If you plan to change or adjust your visa status in the U.S., something called the “30/60 day rule” may be more important than you realize. This is particularly true if questions arise about your real reasons for entering the United States in the first place. For example, did you come as a tourist but really intend to look for a job? Or did you come as a student, really planning to marry your U.S. boyfriend or girlfriend and get a green card?
Did Your Intentions Upon U.S. Entry Match Your Visa?
Intentions upon entry to the U.S. are surprisingly important for anyone who comes on a nonimmigrant (temporary) visa. Every visa is issued with the idea that its bearer will use it for only specific purposes, such as to be a tourist (while on a B-2 visa), study (on an F-1 or M-1 visa), get married to a U.S. citizen (K-1 visa), or work for a U.S. employer (H-1B and other visas).
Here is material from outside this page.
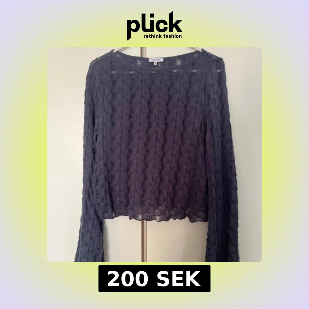Säljer en blå långärmad tröja från Bubbleroom med vågigt strukturmönster. Toppen har långa, vida ärmar och är tillverkad i tunn. Perfekt för lager-på-lager och en cool, edgy look.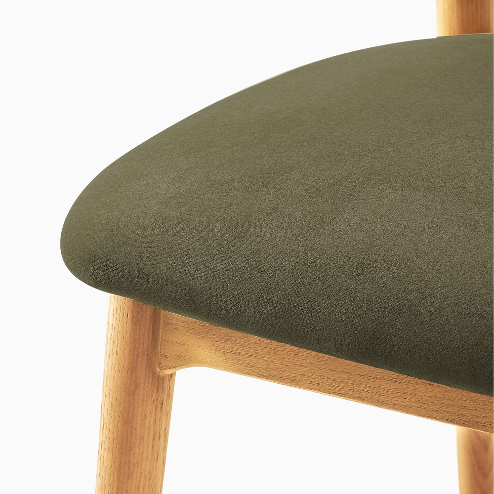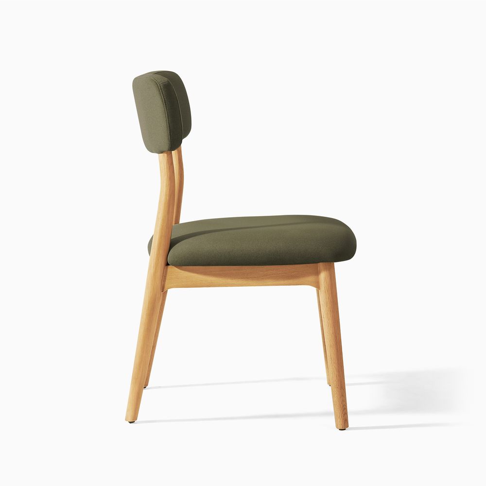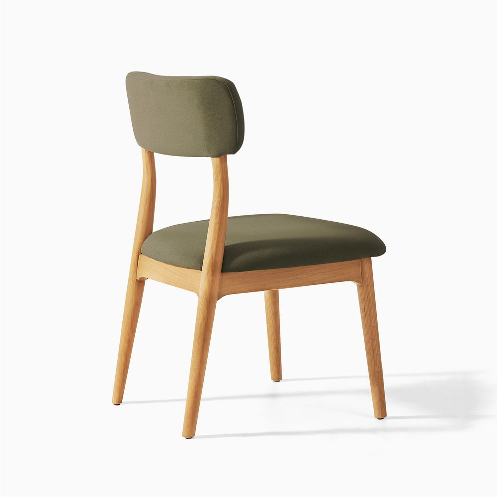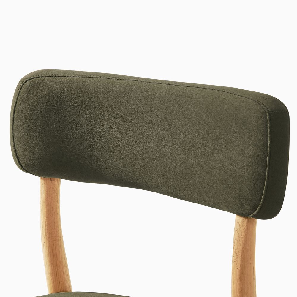 Arlo brings a soft, rounded sensibility to the space. Tapered, gently rounded legs create an airy, approachable presence, while the angled back legs pair with a curved, wingback-style upholstered backrest to provide comfortable, supportive seating. Balancing simplicity with mellow details, the chair feels both inviting and effortlessly refined.

If you enter the U.S. claiming that your purpose is to do what you’re allowed to according to that visa, but actually having a “preconceived intend” to do something else that’s isn’t within the allowable scope of the visa, that’s considered a form of fraud. And fraud upon entry to the U.S. has serious immigration consequences, potentially making the person ineligible for further visas or green cards (lawful permanent residence) down the line.
Of course, people’s lives change, and it’s not always easy for the U.S. immigration authorities to draw conclusions like, “Oh, you married a U.S. citizen? You must have planned to do that when you entered the United States as a student, therefore you committed fraud upon entry, therefore we’re not going to give you a green card based on that marriage.” In such a situation, the applicant would have the opportunity to argue and show evidence that in fact, the marriage plan arose only after having entered the United States.
Nonetheless, all that arguing back and forth takes time and effort. That’s why the U.S. government came up with the 30/60 day rule.
How the 30/60 Day Rule Can Help Show Innocent Intentions
Here’s how the 30/60 day rule should be implemented by immigration officers, according to the U.S. State Department’s Foreign Affairs Manual (FAM):
If an alien violates his or her nonimmigrant status . . . within 30 days of entry, you may presume that the applicant misrepresented his or her intention in seeking a visa or entry. If an alien initiates such violation of status more than 30 days but less than 60 days after entry into the United States, no presumption of misrepresentation arises. However, if the facts in the case give you reasonable belief that the alien misrepresented his or her intent, then you must give the alien the opportunity to present countervailing evidence.
In other words, even if you truly had a quick change of intention –came to the U.S. as a tourist, met the love of your life, and decided to get married two weeks later — you’re going to have a tough time convincing the immigration officials that you hadn’t planned this all along if you actually get married, apply for the green card, or violate your status in some other obvious way within your first 30 days in the United States. Better to wait at least 60 days.
Are you completely safe after waiting 60 days to attempt to change your status? No. Notice that the FAM also mentions that immigration officials can act on facts giving them a “reasonable belief” that someone misrepresented his or her intent. In a marriage-based case, for example, it would be all too easy to get caught in the lie during the process of proving the bona fides of one’s marriage (as is necessary in every marriage-based application). Let’s say the noncitizen bride slips up and mentions that she brought her mother’s wedding dress with her; or that some of the letters between the couple refer to the “upcoming wedding” before the noncitizen arrived in the United States. Pointing out that you waited 60 days before doing anything is not going to help much in such a case.